5. Conclusions and Perspectives

Over the years, a number of methods have been developed to detect apoptosis. There are several microscopic techniques such as optical microscopy, the TUNEL assay and flow cytometry [216]. These conventional apoptosis detection methods are complementary to noninvasive imaging techniques and provide critical standards to confirm the specificity of the apoptotic signal provided by various preclinical and clinical imaging methods. Research in the past decades has produced a wealth of macroscopic imaging methods, in various stages of development, based on use of nanoparticles, proteins, peptides and small organic molecules. The potential of these probes for effective imaging of apoptosis in vivo could benefit many areas of clinical medicine. Nevertheless, the current enthusiasm for clinical applications has been dampened by the inherent difficulties of developing clinical imaging agents and by the recognition that no agent has cleared the obstacles and reached the market to date.

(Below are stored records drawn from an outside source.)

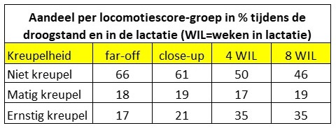 In de loop van de lactatie neemt het aantal koeien dat niet kreupel is af. De kreupelheid neemt dus toe en ook de ernst van de kreupelheid. Dat begint al in de droogstand. Het aantal stappen dat een kreupele koe zet is flink minder dan bij de gezonde koeien. Ze komen minder naar het voerhek en vreten ook per keer korter. Dat heeft gevolgen voor de voeropname, de BCS, de melkproductie en de weerstand. Kreupele koeien worden kwetsbaarder en er ontstaat als het ware een kettingreactie aan andere problemen.
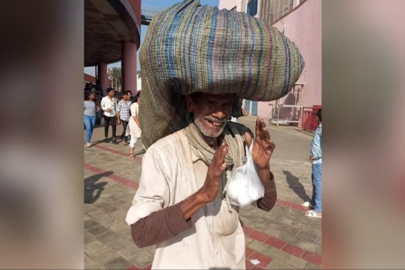- మాసిన దుస్తుల్లో నెత్తి మీద దుస్తుల మూటతో స్టేషన్కు వచ్చిన రైతు
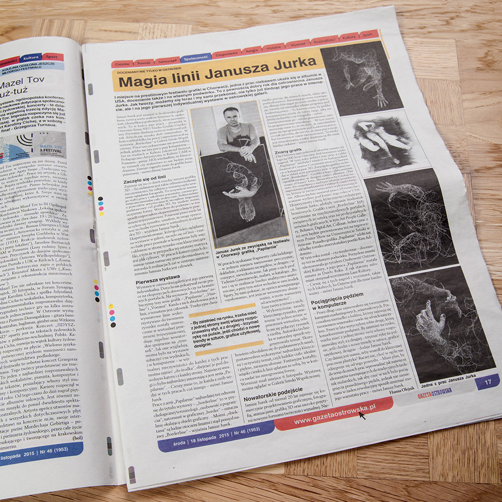 Wystawa w ostrowskiej galerii jest jego pierwszą indywidualną. Dotychczas pokazywał swoje prace na ekspozycjach zbiorowych czy na branżowych portalach. Na wystawie „Borderline” zobaczymy trzy serie grafik – „Papilarnie”, „Hairline” i „Voronoi”. Każda z nich zbudowana jest z linii, a tematem jest człowiek. Tradycyjne dwuwymiarowe linie wykorzystywane do tworzenia rysunku zostały umieszczone w wirtualnej przestrzeni trójwymiarowej dając zupełnie nowatorskie spojrzenie na „rysunek”. Jak one wyglądają, można było na wystawie zobaczyć i na wydrukach i w komputerze – w wirtualnej rzeczywistości do każdej z tych prac można zajrzeć „do środka”, obejrzeć je pod dowolnym kątem i z każdej strony. Najwięcej uwagi i chyba najbardziej interesująca jest seria „Papilarnie”. – Cieszy mnie to, że każda z osób widzi w tych pracach coś innego – mówi Janusz Jurek.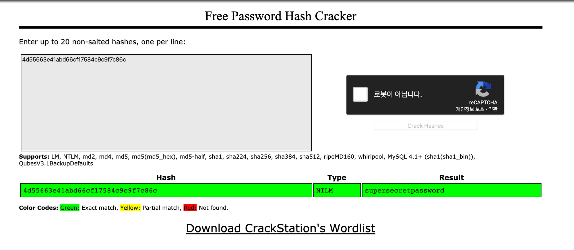 CrackStation을 통해 hash를 깨고, 패스워드를 확인할 수 있었습니다.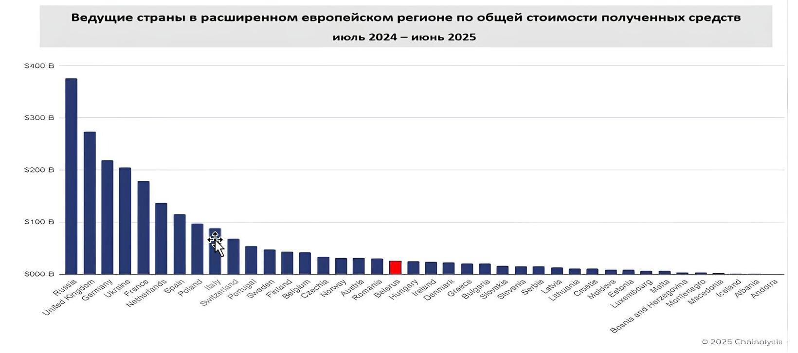 Десять крупнейших рынков охватывают всю Европу, демонстрируя широкое распространение криптовалют в регионе. В период с июля 2024 года по июнь 2025 года Россия стала доминирующим рынком криптовалют, получив $376,3 млрд, значительно опередив Великобританию (273,2 млрд $). Разрыв между Россией и Великобританией – традиционно ведущими рынками региона – заметно увеличился по сравнению с предыдущими годами. При этом разница в объемах между Великобританией и другими крупными рынками, такими как Германия (219,4 млрд $), Украина (206,3 млрд $) и Франция (180,1 млрд $), значительно сократилась, что свидетельствует о том, что ранее небольшие рынки теперь достигают сопоставимого уровня криптовалютной активности.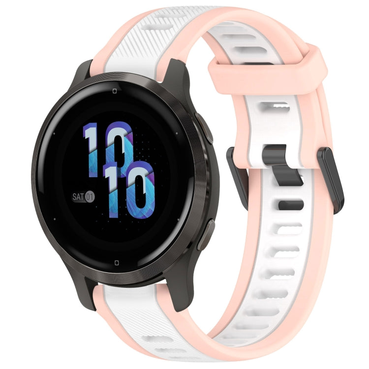 Correa de Reloj Garmin Venu 2S 18mm silicona deportes dos colores hebilla acero (Rosa + Blanco)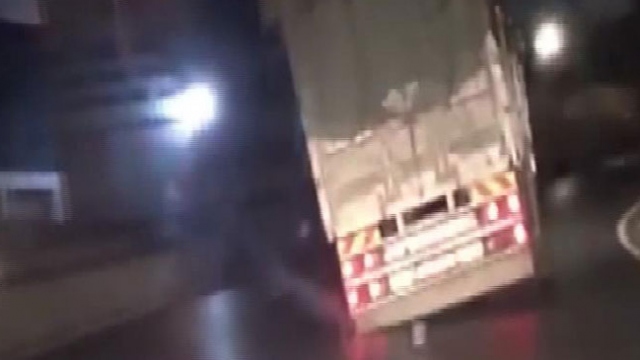 Gebze'de virajlı yolda aşırı hızlı giden kamyon devrildi. Kaza anı cep telefonuyla kaydedildi.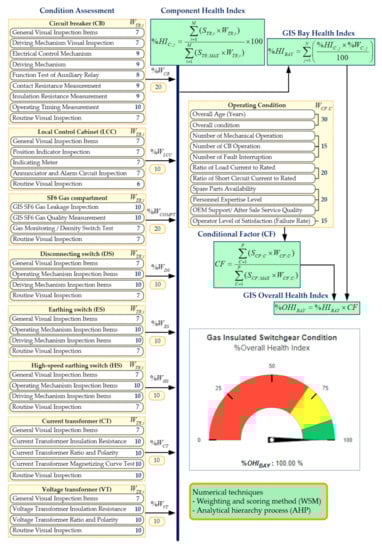 To calculate the percentage component health index (%HIc), the score is defined by the condition of each asset, which is defined as 0 for poor condition, 3 for satisfactory condition, and 5 for normal condition. The %HIc is then further used to calculate the percentage bay health index (%HIBAY) by using the obtained %HIc and the related weight of those major components. Additionally, the WSM is applied to calculate the conditional factor score of each GIS bay, which is further used to modify the percentage overall health index (%OHI) of the GIS.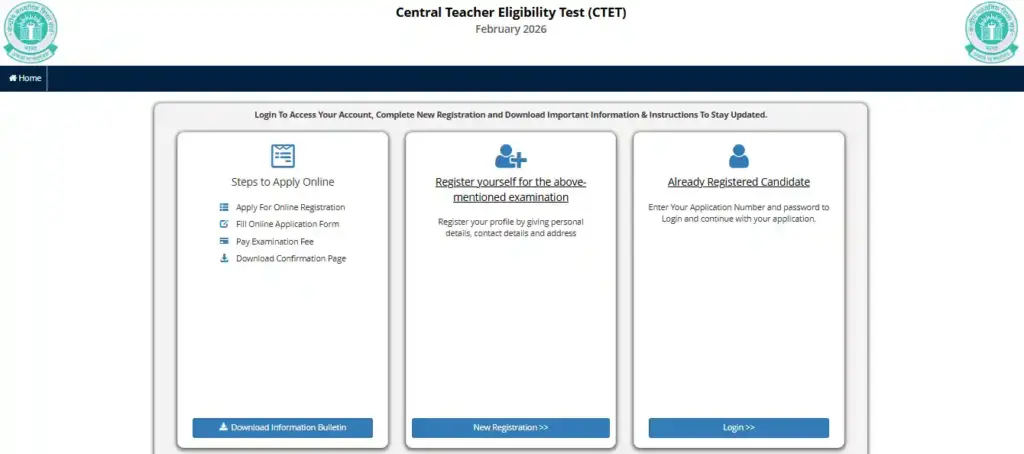 CTET February 2026 के लिए आवेदन करने के लिए आपको ctet.nic.in की वेबसाइट से ऑनलाइन माध्यम से ही आवेदन करना होगा। इसकी पूरी प्रक्रिया के लिए नीचे दिए गए स्टेप्स को फॉलो करें: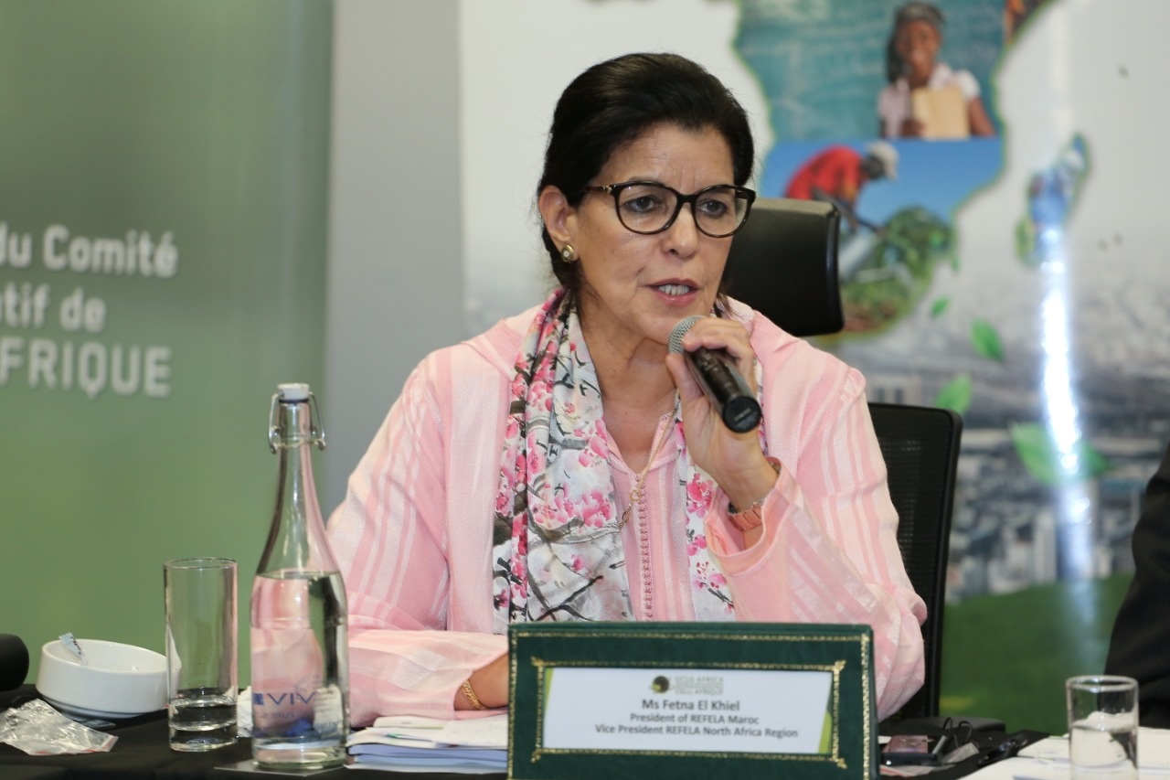 فاطنة الكحيل كاتبة الدولة في الاسكان سابقا ورئيسة جماعة عرباوة وشبكة النساء المنتخبات محليا بالمغرب في الجمع العام المنعقد بمدينة بDurbain جنوب افريقيا

Can the challenges associated with successful development of clinical imaging agents be overcome? The answer is YES. Advancements have numerous biochemical features of apoptosis that can serve as targets for imaging probes, as well as facilitate chemical design strategies, biological evaluation and improved translational research, which are all crucial to the success of clinical imaging agents that may outperform existing ones. Furthermore, with the advent of theranostics [217-221], the combination of apoptosis imaging strategies with therapy provides researchers and physicians with extraordinary insight into apoptosis and thus enlarges the armory for the fight against a range of diseases [222,223]. Consequently, it is our genuine belief that there is convincing that one or more of these probes will clear the multiple hurdles of the drug development pathway to become clinically useful imaging agents in the not too distant future.

Acknowledgements

We acknowledge the financial support from The National Natural Science Foundation of China (No.30900377 and 81271634), Doctoral Fund of Ministry of Education of China (No. 20120162110070), Hunan Provincial Natural Science Foundation of China (12JJ1012), and the Intramural Research Program, National Institute of Biomedical Imaging and Bioengineering, National Institutes of Health.

Competing Interests

The authors have declared that no competing interest exists.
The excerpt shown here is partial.